Yes, the coordinates are more or less evenly distributed, between 0 and the order of the curve (exclusive). The Certicom curves such as secp256r1 generally have an order very near the maximum of the bit size, e.g. the secp256r1 curve has the following order $n$:
FFFFFFFF 00000000 FFFFFFFF FFFFFFFF BCE6FAAD A7179E84 F3B9CAC2 FC632551
So that means that there is about one in 256 chances that the first byte is completely zero for each coordinate.
This is slightly different for e.g. Brainpool curves as the order is randomly chosen (for the correct bit size, of course) and thus lower, brainpoolP256r1 has for instance the following prime order $q$ (same thing, different name):
A9FB57DB A1EEA9BC 3E660A90 9D838D71 8C397AA3 B561A6F7 901E0E82 974856A7
So for Brainpool curve the chance that the first byte is all-zero is higher for Brainpool curves (slightly lower than one in 0xA9 of course, so about 1 in 169).

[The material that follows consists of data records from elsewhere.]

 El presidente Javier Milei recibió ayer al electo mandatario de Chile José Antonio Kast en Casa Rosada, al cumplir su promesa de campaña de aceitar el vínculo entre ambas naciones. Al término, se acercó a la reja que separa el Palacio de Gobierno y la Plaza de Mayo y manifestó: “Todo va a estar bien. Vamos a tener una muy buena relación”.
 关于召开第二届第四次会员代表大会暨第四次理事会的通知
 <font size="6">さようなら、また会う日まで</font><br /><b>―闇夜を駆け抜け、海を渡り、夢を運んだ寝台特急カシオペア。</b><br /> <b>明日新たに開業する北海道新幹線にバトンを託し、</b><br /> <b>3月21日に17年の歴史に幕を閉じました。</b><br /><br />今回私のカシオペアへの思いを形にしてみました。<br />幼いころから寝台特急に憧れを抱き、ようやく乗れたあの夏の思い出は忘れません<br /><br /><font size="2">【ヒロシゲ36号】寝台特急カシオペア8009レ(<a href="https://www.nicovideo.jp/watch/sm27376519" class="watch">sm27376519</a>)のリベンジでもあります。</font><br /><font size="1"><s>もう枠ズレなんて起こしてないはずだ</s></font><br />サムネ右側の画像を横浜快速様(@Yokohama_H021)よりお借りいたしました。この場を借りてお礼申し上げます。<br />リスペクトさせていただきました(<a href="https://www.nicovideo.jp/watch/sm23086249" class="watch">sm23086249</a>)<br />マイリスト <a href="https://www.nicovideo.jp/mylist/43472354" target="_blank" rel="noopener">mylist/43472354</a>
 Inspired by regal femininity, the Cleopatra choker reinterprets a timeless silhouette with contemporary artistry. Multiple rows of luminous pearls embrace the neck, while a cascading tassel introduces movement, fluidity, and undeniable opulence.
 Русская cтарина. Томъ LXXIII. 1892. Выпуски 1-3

I've seen implementations fix this by making sure that the leftmost byte is set to 00 in case it is missing when constant size X and Y coordinates are required. This strategy fails if the first two bytes are set to zero, with a much smaller but non-negligible chance (somewhere in between 1 in 32768 and 1 in 65536). The chance of three bytes being zero and therefore missing is even lower but still significant, and so forth.
The same thing can happen with EC and RSA private keys (secret $s$ and RSA private exponents $d$ as well as the parameters required for the Chinese Remainder Theorem). The RSA specification lists how to create constant size, unsigned, big endian values that you require in the definition of the I2OSP (Integer to Octet String Primitive) definition. It has mainly be defined for formatting the outcome of RSA calculations (the signature or ciphertext) which also have the same distribution, but it can be used for any similar conversion.
Note that the definition of I2OSP shows a rather mathematical way of saying that you need to prefix enough zero bytes. I've seen a implementations of I2OSP using big integer arithmetic. That is definitely not required; I2OSP just a formal description how it commonly looks in computer memory when you encode the value. For more info, see my answers here on crypto and the implemention on SO for Java.
P.S. The chance of either coordinate starting with a zero byte is about $1 - {({255 \over 256})^2}$. That's ever so slightly lower than $1 \over 128$ as stated in the question, but $1 \over 128$ is a good ballpark figure I guess.